[[ DATA FOR THE TASK, beginning ]]

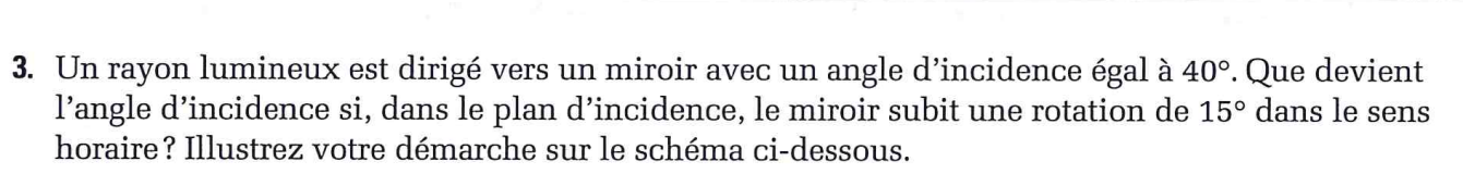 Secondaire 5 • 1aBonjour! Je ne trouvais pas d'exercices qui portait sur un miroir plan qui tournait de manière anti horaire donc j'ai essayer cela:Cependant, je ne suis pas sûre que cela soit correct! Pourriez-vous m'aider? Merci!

[[ DATA FOR THE TASK, end ]]
[[ DATA FOR THE TASK, beginning ]]

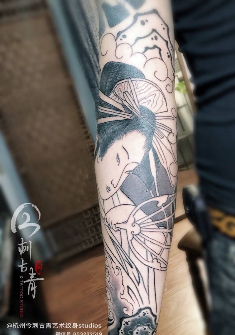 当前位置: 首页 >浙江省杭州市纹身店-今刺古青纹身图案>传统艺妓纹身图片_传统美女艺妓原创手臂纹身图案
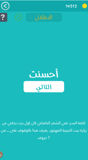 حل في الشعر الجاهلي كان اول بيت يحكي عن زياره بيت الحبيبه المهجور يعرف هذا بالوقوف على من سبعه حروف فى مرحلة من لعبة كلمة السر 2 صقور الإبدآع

[[ DATA FOR THE TASK, end ]]

TASK TO COMPLETE » Lines wanted from the entries above: the one with "当前位置: 首页 >浙江省杭州市纹身店-今刺古青纹身图案>传统艺妓纹身图片_传统美女艺妓原创手臂纹身图案", the one with "حل في الشعر", and all lines between. Please copy them exactly, without the pictures and without anything else.

SOLUTION BELOW »
 当前位置: 首页 >浙江省杭州市纹身店-今刺古青纹身图案>传统艺妓纹身图片_传统美女艺妓原创手臂纹身图案
 حل في الشعر الجاهلي كان اول بيت يحكي عن زياره بيت الحبيبه المهجور يعرف هذا بالوقوف على من سبعه حروف فى مرحلة من لعبة كلمة السر 2 صقور الإبدآع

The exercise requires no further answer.